Militarizing our schools leaves immigrant youth vulnerable

by Thomas Kennedy | March 15, 2018 7:00 am

After 17 children were shot dead at Marjory Stoneman Douglas High School, is the answer to preventing gun violence in America arming teachers?

Across the country, we have seen rhetoric turn from enacting sensible gun reform and curtailing access to weaponry to instead increasing the militarization of our society, particularly our schools.

After meeting with survivors of the shooting at Stoneman Douglas and hearing their stories, Donald Trump proposed an NRA favorite, arming teachers. Specifically, 20 percent of teachers in America. This insane idea was picked up by the Florida Legislature, and now Republican lawmakers in the state are working towards making it a reality.

Just a few days ago, the Florida Senate rejected a proposal to ban assault weapons while voting for a measure to put guns in the hands of school teachers. The full bill has now been approved by the Florida legislature.

Militarizing our schools will not keep us safe. There was not one but four armed deputies at Marjory Stoneman Douglas High School, and when the shooting started, they stayed outside instead of confronting the shooter.

While putting armed police officers in schools does not seem to deter school shootings, they do make the school to prison pipeline worse. Increased arrests for minor transgressions that should be handled through in-school disciplinary actions have led to the criminalization of predominantly black and brown students.

With the national conversation focused on the problem of gun violence in this country, the crisis that Trump created when he needlessly ended DACA (Deferred Action for Childhood Arrivals), an Obama-era program that shielded qualifying young immigrants from deportation, has largely taken a backseat in the public consciousness.

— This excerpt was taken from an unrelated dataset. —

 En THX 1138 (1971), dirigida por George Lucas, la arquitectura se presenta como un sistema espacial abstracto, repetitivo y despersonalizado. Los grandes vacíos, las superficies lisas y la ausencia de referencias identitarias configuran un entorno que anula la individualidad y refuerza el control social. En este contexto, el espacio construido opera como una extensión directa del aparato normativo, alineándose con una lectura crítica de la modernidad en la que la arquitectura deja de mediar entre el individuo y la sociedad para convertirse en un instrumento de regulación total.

This is unfortunate because immigrant youth have and will be directly impacted by increased policing and militarization of schools. Nearly 17,000 young people have already lost their DACA protections and every day that Congress fails to act, another 122 DACA recipients lose their status. By March 5, 2018, about 23,000 children who are turning 15 would be eligible to apply for DACA, but instead they will remain vulnerable to deportation.

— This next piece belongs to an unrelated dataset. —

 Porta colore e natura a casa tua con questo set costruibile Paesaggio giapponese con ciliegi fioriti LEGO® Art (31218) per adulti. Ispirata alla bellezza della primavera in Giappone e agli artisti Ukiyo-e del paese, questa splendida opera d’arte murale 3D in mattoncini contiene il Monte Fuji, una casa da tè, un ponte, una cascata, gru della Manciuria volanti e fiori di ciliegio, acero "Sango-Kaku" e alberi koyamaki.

Despite a preliminary injunction issued by a federal district court ordering DHS to accept DACA renewals, people will only regain protection under DACA when they turn in their paperwork and filing fee, apply to U.S. Citizenship and Immigration Services, and their applications are adjudicated. There is no reason to believe that the current anti-immigrant administration will expedite the renewal applications.

This is the current logic displayed by the Trump administration on these issues. To deal with the problem of mass shootings in our schools, we need to put more weapons in our schools, so we can have more shootouts in our schools. On DACA, Trump has repeatedly said that he wants a solution for the Dreamers that allows them to stay in this country and that its up to lawmakers in Congress to pass with legislation. Yet when presented with three bipartisan deals, he rejected all of them. Meanwhile he is increasing police presence in schools, which leaves immigrant youth vulnerable to possible detention and deportation.

Trump could end this problem with the stroke of a pen, by reintroducing the DACA program and shielding these young immigrants from deportation. Unfortunately, the militarization of schools and the deportation machine are inextricably linked to perpetuate white supremacy in this country and the dehumanization of black and brown people.